Start of Exercise input

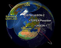 Pasadena CA (SPX) Feb 06, 2009 This artist's rendering shows a "family portrait" of Jason-1, Topex/Poseidon, and OSTM/Jason-2, all NASA satellites that collect data about sea surface heights around the world. Sea surface heights are one component helpful to hurricane forecasters, as higher seas indicate warmer waters (that power storms) while lower seas indicate cooler waters (such as those in La Nina events in the eastern Pacific). This image shows the position of all three satellites on January 28, 2009, as they descended to the southeast, passing over NASA's ground station just outside of Toulouse, France. Glenn M. Shirtliffe, Jason-1 Project Manager at NASA's Jet Propulsion Laboratory, Pasadena, Calif., where the satellites are managed, said, "As a result of the maneuvers performed on January 26 and 27, Jason-1 has now drifted well ahead of OSTM/Jason-2 and Topex/Poseidon, on its way to a new operational orbit on the other side of Earth, 162 degrees ahead of OSTM/Jason-2." The steamy and warm surface waters of the late-summer tropical oceans are the fuel that powers tropical cyclones. NASA's fleet of altimetry missions have often flown over these great storms, charting sea surface height (a measure of the subsurface thermal structure, or heat content). Warmer features like ocean eddies can cause these storms to intensify. Since the altimeters also measure the waves generated by these monster storms, as well as wind speeds, these measurements are routinely used in near-real-time wave and weather forecasts. Jason-1 completed its seventh year on orbit on December 7, 2008. From its vantage point 1,330 kilometers (860 miles) above Earth, this follow-on to the highly successful Topex/Poseidon mission has provided measurements of the surface height of the world's ocean to an accuracy of 3.3 centimeters (1.3 inches). This image from Jason-1 data shows sea surface height data around the world as of December 30, 2008. The purple and blue areas depict sea level heights (in millimeters "mm") lower than normal. One area is in the central Pacific Ocean, which indicates a La Nina event. The red areas indicate higher than normal sea surface heights. The Ocean Surface Topography Mission on the Jason-2 satellite (OSTM/Jason-2) is a follow-on to the Jason-1 mission. It launched June 20, 2008, from Vandenberg Air Force Base in California. "Topex/Poseidon was launched in August 1992 and during its first few days, flew over the monster Category 5 Hurricane Andrew, measuring wind and waves," said Bill Patzert, a JPL climatologist. "Our altimetry fleet was launched during a hurricane and has been chasing cyclones for more than 15 years." Topex/Poseidon is a joint venture between CNES and NASA to map ocean surface topography. Among its many achievements, Topex/Poseidon has measured sea levels with unprecedented accuracy to better than 5 centimeters (X inches), mapped year-to-year changes in heat stored in the upper ocean, and produced the most accurate global maps of tides ever. Share This Article With Planet Earth
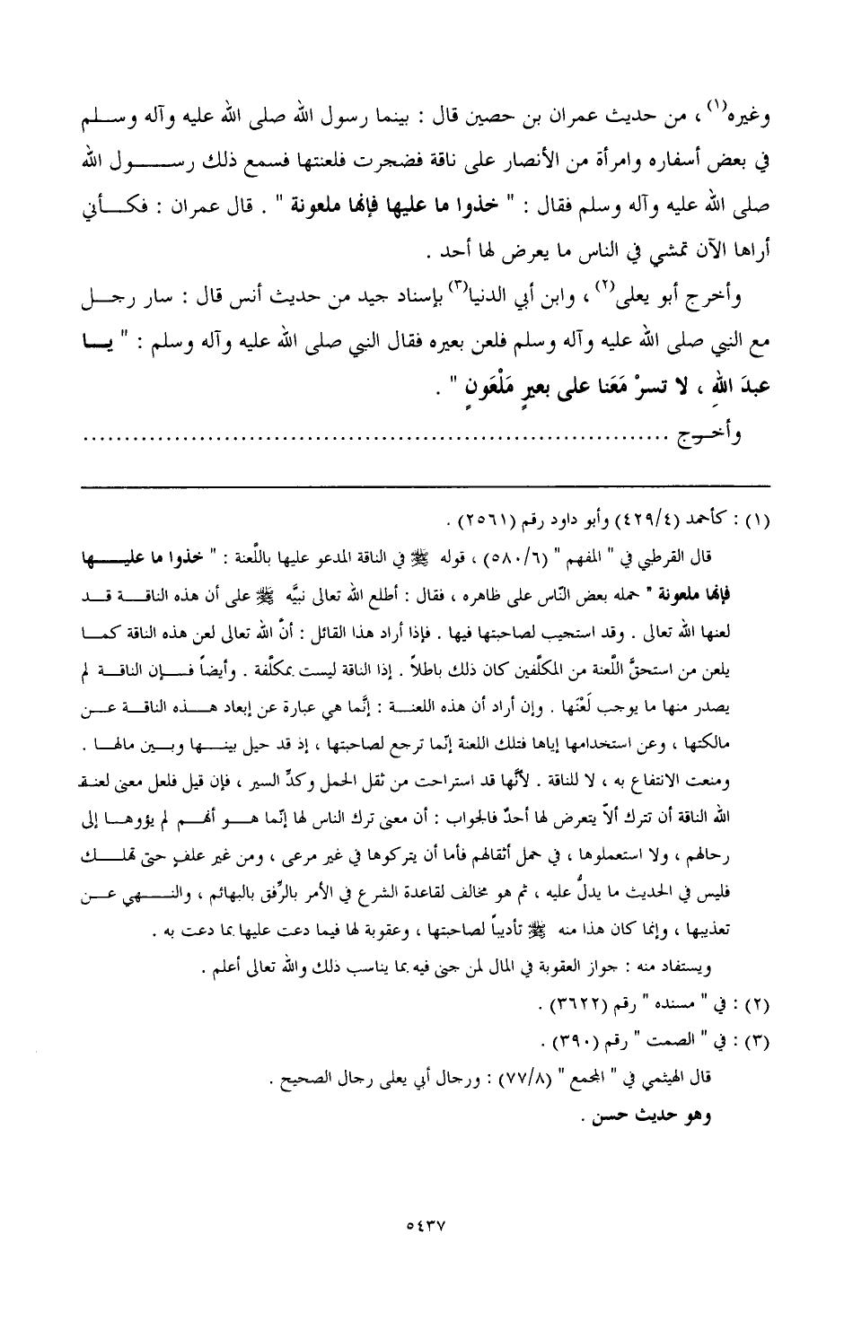 وغيره (¬1)، من حديث عمران بن حصين قال: بينما رسول الله صَلَّى اللهُ عَلَيْهِ وَآلِهِ وَسَلَّمَ في بعض أسفاره وامرأة من الأنصار على ناقة فضجرت فلعنتها، فسمع ذلك رسول الله صَلَّى اللهُ عَلَيْهِ وَآلِهِ وَسَلَّمَ فقال: " خذوا ما عليها فإنها ملعونة ". قال عمران: فكأني أراها الآن تمشي في الناس ما يعرض لها أحد.
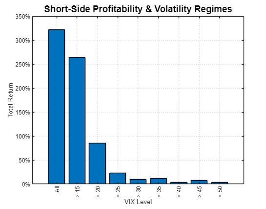 The next bar chart shows the total return of all short trades, conditioned on the VIX being above a certain threshold. In other words, how much money did short trades generate if we only traded when the VIX was sufficiently high? This chart further confirms the regression results: limiting short trades to high volatility environments does not benefit overall compounded performance.
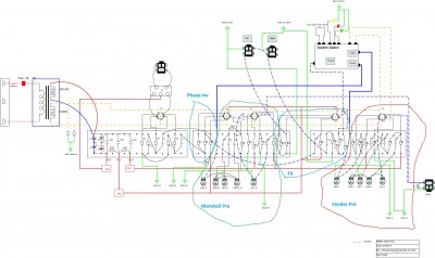 Le tensioni sono 350V di anodica per il PA ed a scalare con serie di resistenze puramente copiancollate dallo schema Fender, 340V per PI e FX-loop, 320V per i preamp.
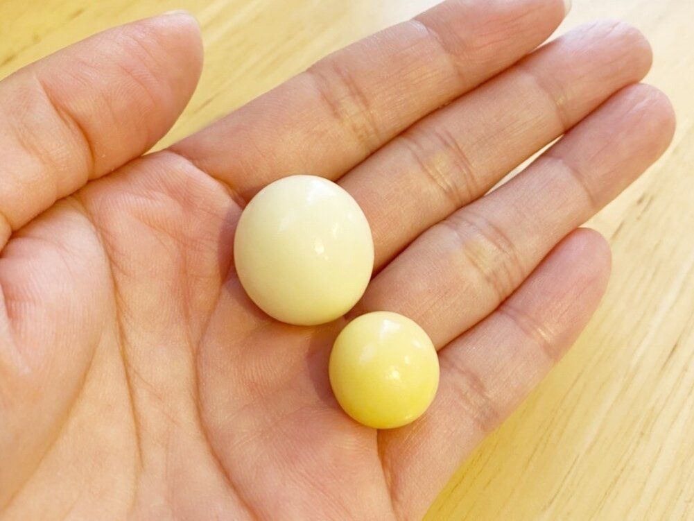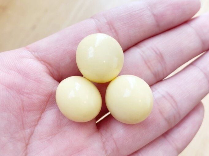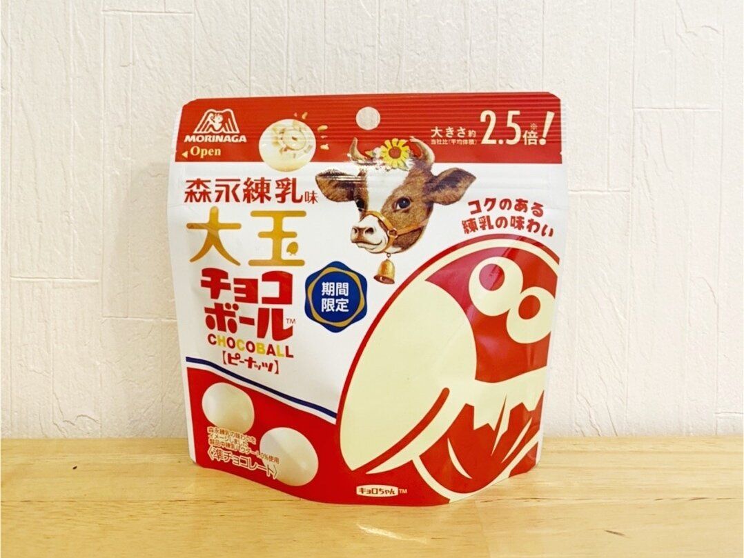 ピーナッツを森永練乳味のホワイトチョコレートでコーティングした大玉のチョコボール。
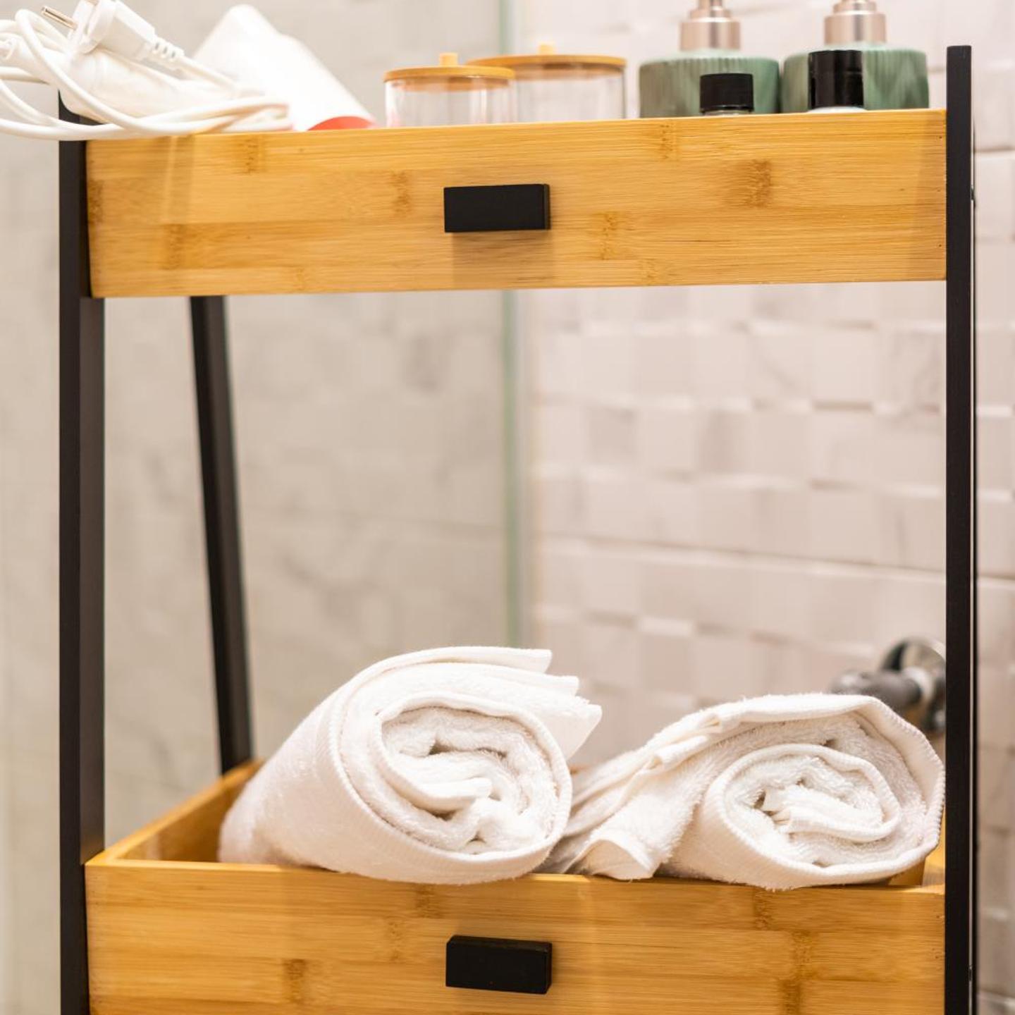 אין מראה גדולה. באמבטיה: אין שטיח לרגליים, אין מגב ו/או סמרטוט רצפה ואין נעלי בד. לא היה מספיק נייר טואלט (היינו 3 ימים). במטבח: אין מגבת כלים, אין שקיות רזרביות לאשפה, אין כלים בסיסיים כמו קולפן, פותחן, מספריים.

End of Exercise input

Task goal: Although the records contain pictures, only their text should be repeated, exactly as it appears.

Response to this exercise:
 Pasadena CA (SPX) Feb 06, 2009 This artist's rendering shows a "family portrait" of Jason-1, Topex/Poseidon, and OSTM/Jason-2, all NASA satellites that collect data about sea surface heights around the world. Sea surface heights are one component helpful to hurricane forecasters, as higher seas indicate warmer waters (that power storms) while lower seas indicate cooler waters (such as those in La Nina events in the eastern Pacific). This image shows the position of all three satellites on January 28, 2009, as they descended to the southeast, passing over NASA's ground station just outside of Toulouse, France. Glenn M. Shirtliffe, Jason-1 Project Manager at NASA's Jet Propulsion Laboratory, Pasadena, Calif., where the satellites are managed, said, "As a result of the maneuvers performed on January 26 and 27, Jason-1 has now drifted well ahead of OSTM/Jason-2 and Topex/Poseidon, on its way to a new operational orbit on the other side of Earth, 162 degrees ahead of OSTM/Jason-2." The steamy and warm surface waters of the late-summer tropical oceans are the fuel that powers tropical cyclones. NASA's fleet of altimetry missions have often flown over these great storms, charting sea surface height (a measure of the subsurface thermal structure, or heat content). Warmer features like ocean eddies can cause these storms to intensify. Since the altimeters also measure the waves generated by these monster storms, as well as wind speeds, these measurements are routinely used in near-real-time wave and weather forecasts. Jason-1 completed its seventh year on orbit on December 7, 2008. From its vantage point 1,330 kilometers (860 miles) above Earth, this follow-on to the highly successful Topex/Poseidon mission has provided measurements of the surface height of the world's ocean to an accuracy of 3.3 centimeters (1.3 inches). This image from Jason-1 data shows sea surface height data around the world as of December 30, 2008. The purple and blue areas depict sea level heights (in millimeters "mm") lower than normal. One area is in the central Pacific Ocean, which indicates a La Nina event. The red areas indicate higher than normal sea surface heights. The Ocean Surface Topography Mission on the Jason-2 satellite (OSTM/Jason-2) is a follow-on to the Jason-1 mission. It launched June 20, 2008, from Vandenberg Air Force Base in California. "Topex/Poseidon was launched in August 1992 and during its first few days, flew over the monster Category 5 Hurricane Andrew, measuring wind and waves," said Bill Patzert, a JPL climatologist. "Our altimetry fleet was launched during a hurricane and has been chasing cyclones for more than 15 years." Topex/Poseidon is a joint venture between CNES and NASA to map ocean surface topography. Among its many achievements, Topex/Poseidon has measured sea levels with unprecedented accuracy to better than 5 centimeters (X inches), mapped year-to-year changes in heat stored in the upper ocean, and produced the most accurate global maps of tides ever. Share This Article With Planet Earth
 وغيره (¬1)، من حديث عمران بن حصين قال: بينما رسول الله صَلَّى اللهُ عَلَيْهِ وَآلِهِ وَسَلَّمَ في بعض أسفاره وامرأة من الأنصار على ناقة فضجرت فلعنتها، فسمع ذلك رسول الله صَلَّى اللهُ عَلَيْهِ وَآلِهِ وَسَلَّمَ فقال: " خذوا ما عليها فإنها ملعونة ". قال عمران: فكأني أراها الآن تمشي في الناس ما يعرض لها أحد.
 The next bar chart shows the total return of all short trades, conditioned on the VIX being above a certain threshold. In other words, how much money did short trades generate if we only traded when the VIX was sufficiently high? This chart further confirms the regression results: limiting short trades to high volatility environments does not benefit overall compounded performance.
 Le tensioni sono 350V di anodica per il PA ed a scalare con serie di resistenze puramente copiancollate dallo schema Fender, 340V per PI e FX-loop, 320V per i preamp.
 ピーナッツを森永練乳味のホワイトチョコレートでコーティングした大玉のチョコボール。
 אין מראה גדולה. באמבטיה: אין שטיח לרגליים, אין מגב ו/או סמרטוט רצפה ואין נעלי בד. לא היה מספיק נייר טואלט (היינו 3 ימים). במטבח: אין מגבת כלים, אין שקיות רזרביות לאשפה, אין כלים בסיסיים כמו קולפן, פותחן, מספריים.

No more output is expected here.